The GAPPO algorithm is compared with the following representative algorithms.

Advantage Actor–Critic (A2C) [29]: A2C integrates policy and value functions, with the advantage function $A (s_{t}, a_{t})$ defined as

$A (s_{t}, a_{t}) = Q (s_{t}, a_{t}) - V (s_{t}),$

(19)

where $Q (s_{t}, a_{t})$ is the expected return and $V (s_{t})$ is the baseline value, enhancing learning stability by reducing gradient variance.
Proximal Policy Optimization (PPO) [30]: PPO balances exploration and exploitation by constraining policy updates, which enhances stability and sample efficiency.
Deep Q-Network (DQN) [31]: The DQN approximates the optimal action-value function $Q (s, a)$ using deep neural networks, stabilizing learning through experience replay and a target network. The update rule is as follows:

$\begin{matrix} δ = r_{t} + γ max_{a^{'}} Q (s_{t + 1}, a^{'}) - Q (s_{t}, a_{t}), \\ Q (s_{t}, a_{t}) \leftarrow Q (s_{t}, a_{t}) + α δ . \end{matrix}$

(20)
Deep Deterministic Policy Gradient (DDPG) [32]: The DDPG handles continuous action spaces with an Actor–Critic framework. The policy gradient update is as follows:

$\nabla_{θ} J \approx E_{s_{t} \sim ρ^{π}} [\nabla_{a} Q (s_{t}, a | θ^{Q}) \nabla_{θ} μ (s_{t} | θ^{μ})] .$

(21)

To evaluate the performance of GAPPO, we examine four distinct scenarios: (i) 100 agents are allocated to 20 tasks, (ii) 300 agents are allocated to 30 tasks, (iii) 500 agents are allocated to 30 tasks, and (iv) 500 agents are allocated to 50 tasks.

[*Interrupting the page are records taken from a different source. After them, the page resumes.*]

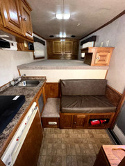 Interior Features - 1 exterior speaker, 1 exterior LED porch light, 1 handhold at camper door, swinging screen door, 3 interior roof speakers, radio, roof-mounted AC, cabinets in nose, 110 outlets, 1 step into bunk, sofa bench, soft-touch walls, digital fluid monitor, furnace.
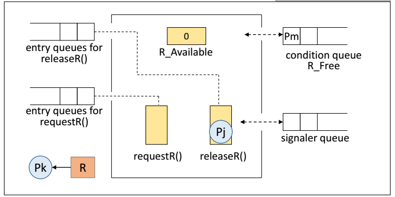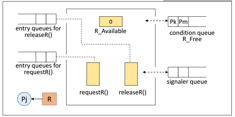자원 할당 시나리오 4 j가 자신의 일을 끝내고 R을 반납하고 available 값을 1로 바꿈, 신호 제공자 큐로 가서 자원 할당을 기다리는 k 프로세스를 wakeup 하고, k가 자원 R을 할당 받게 되면서 available 값이 다시 0이 됨
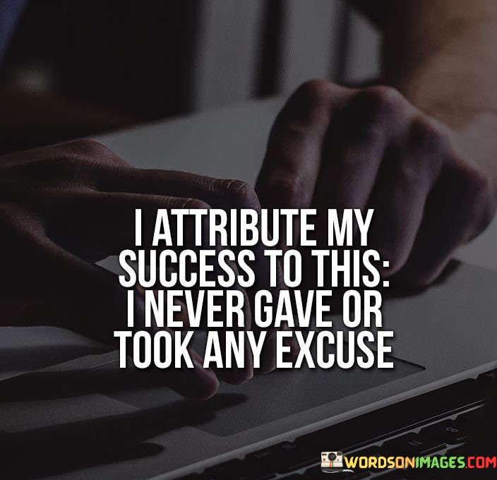 The quote attributes success to a resolute mindset. The first paragraph highlights the individual's key to success: an unwavering commitment to avoiding excuses. This attitude underscores personal accountability and determination.
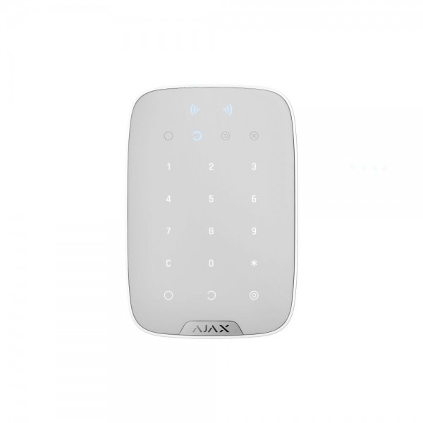 Бездротова сенсорна клавіатура зі зчитувачем безконтактних брелоків Ajax Tag / карток Ajax Pass ISO14443-А (13.56MHz) за технологією DESFire®; сумісна з централями (хабами) Ajax Hub Plus, Hub 2, Hub 2 Plus, Hub Hybrid, ретрансляторами ReX / ReX 2 з OS Malevich 2.11 і вище; дальність зв'язку до 1700 м; протокол Jeweller; живлення 4 батареї АA; 165 / 113 / 20 мм

For each scenario, results are obtained by averaging over more than 100 independent runs, each initialized with random states and actions. This approach simulates the inherent randomness in multi-agent task allocation scenarios, ensuring a robust evaluation of the algorithm’s adaptability and effectiveness under dynamic and unpredictable conditions. By averaging the results across multiple runs, we obtain performance metrics that reflect the consistency and generalization of the algorithm in real-world dynamic environments. In each simulation trial, agents are randomly allocated at the start. The maximum number of iterations is set to 500 for the first two scenarios and 800 for the last two. In each scenario, the agents’ work abilities and the tasks’ workloads are initialized with distinct values. The optimal completion time for each scenario is determined through exhaustive search, and performance is assessed using key indicators: task completion time (T), the proportion of optimal time (

P_{0}

), and the number of iterations needed to reach the minimum value (min). The difference ratio

δ

is expressed as

δ = \frac{T - T_{opt}}{T_{opt}},

(22)

and represents the deviation from the optimal time. The time unit

Δ t

is defined as 1 unit time, which corresponds to a fixed and consistent simulation step used across all scenarios. For simplicity, we do not map this unit to a real-world measure such as hours or seconds, as the focus is on relative performance across algorithms. Importantly, this abstraction ensures that the theoretical optimal value—representing the minimum task completion time under ideal allocation conditions—remains constant at 1 unit time in all experiments.

To assess the performance of the proposed approach, we conduct comparisons between GAPPO and the four aforementioned baseline algorithms under four progressively challenging scenarios. These scenarios are designed with balanced agent capacities and task demands, ensuring a consistent theoretical minimum completion time of one time unit. To facilitate a clear performance comparison, a red dotted line is included in the figures to represent this optimal solution. The optimal value is analytically derived based on the theoretical minimum task completion time under ideal allocation conditions—assuming perfect coordination among agents and optimal matching between task requirements and agent capabilities, without communication delay or resource contention. This value serves as a lower bound benchmark, allowing us to assess how closely the proposed algorithm approaches the theoretical optimum. The results demonstrate GAPPO’s superior performance, rapid convergence, and stability in large-scale task allocation.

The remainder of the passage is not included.